Mr Walsh said, however, he does expect “some flattening off” of room rate growth from the 15 per cent that Staycity achieved last year. “We’re expecting some growth in rates this year but not as much as last year,” he said, with the group’s longer-term corporate accommodation business still catching up with other categories.

Asked about the controversy around elevated room rates, particularly in the capital, last summer, Mr Walsh said that Staycity monitors its metric “very closely”.

“Our value-for-money metric in Dublin is not out of line with the rest of our estate,” he said. “When our customers rank us on value for money, it’s well above 85 per cent. That’s something that’s very important. We have dimensions to our products that hotels can’t offer, which is for families, the entire family can stay in a single accommodation unit.”

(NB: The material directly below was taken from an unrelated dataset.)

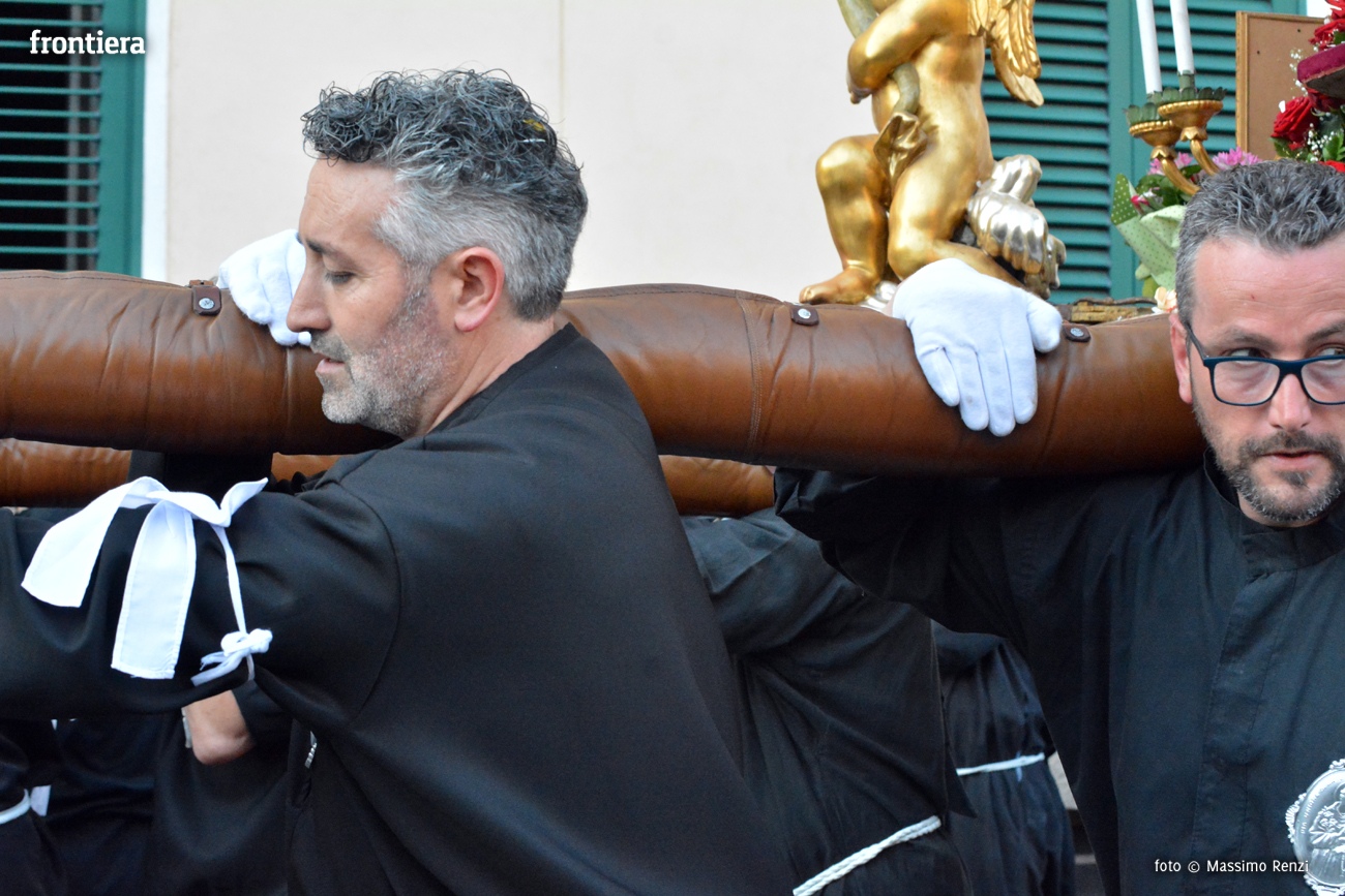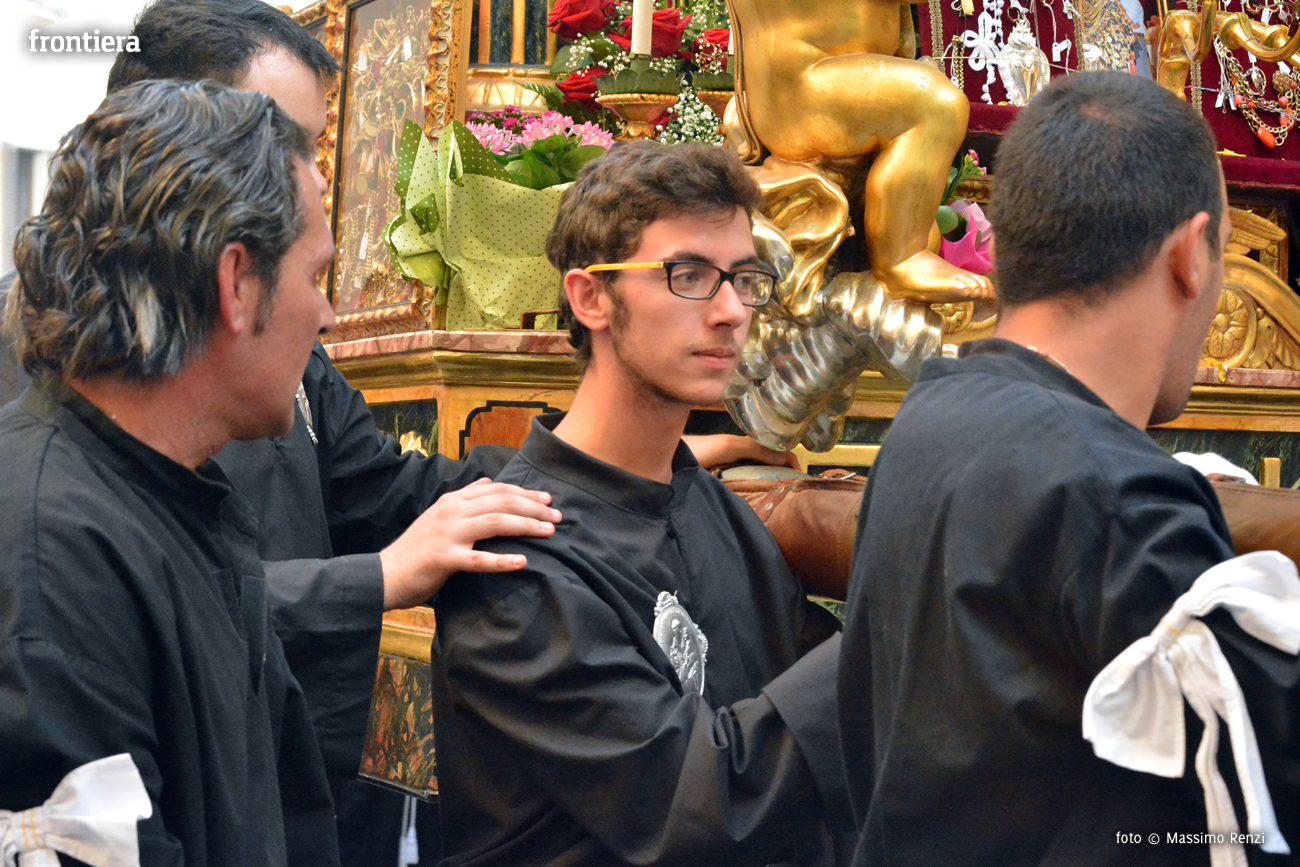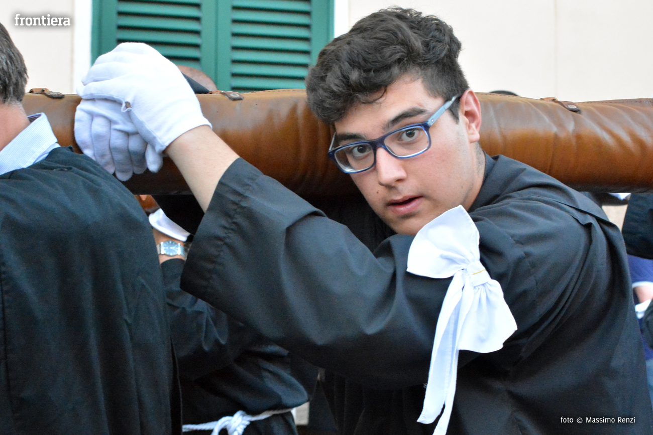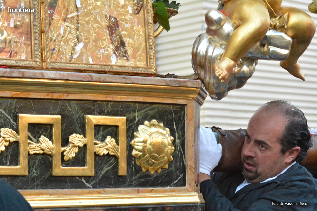 L’impressione è che quest’anno la processione dei ceri, pur affollata come di consueto, sia stata più rapida che negli anni passati. Ciò non ha certamente lenito la fatica dei portatori, ai quali semmai va ascritto il merito di questa riduzione dei tempi. Guidati dal capomacchina Giovanni Flammini, i “fratelli”, i cui nomi sono stati estratti nel chiostro del Liceo Scientifico nella serata del 25 giugno, si sono alternati nel trasporto della pesante immagine del santo per più di quattro ore, fino a quando la statua non ha fatto ritorno a San Francesco per l’allocuzione finale del vescovo, la benedizione conclusiva e il riposizionamento della “macchina” nella sua sede dietro l’altare maggiore della chiesa dedicata al Poverello d’Assisi.
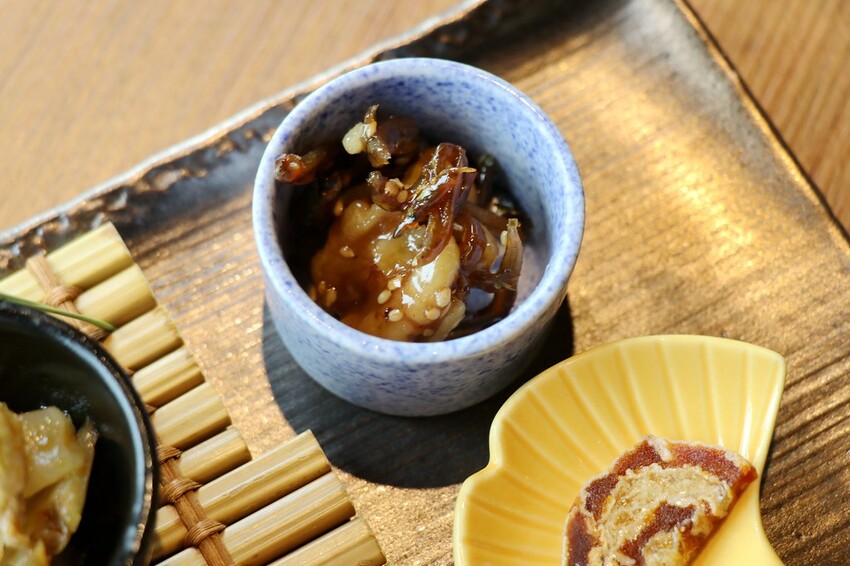 前菜五品包含伊達卷.醃漬榨菜.蜜漬小魚核果.黑豆.柿餅

He said, however: “There are occasions when the city is absolutely full, like concerts and so on, where rates can become very expensive. But on the whole, our value-for-money metrics in Dublin aren’t out of line with other European cities.”

Mr Walsh also said that Staycity, which has made a “significant investment on brand identity”, will unveil a new look later this year, splitting its Wilde and Staycity brands into separate websites. The group is also relaunching its booking engine, which he said would make it easier for customers to use the platform.

“That brand has been around for 10 years,” he said. “So, it’s probably time give it a refresh and that’s what we’re setting out to do.”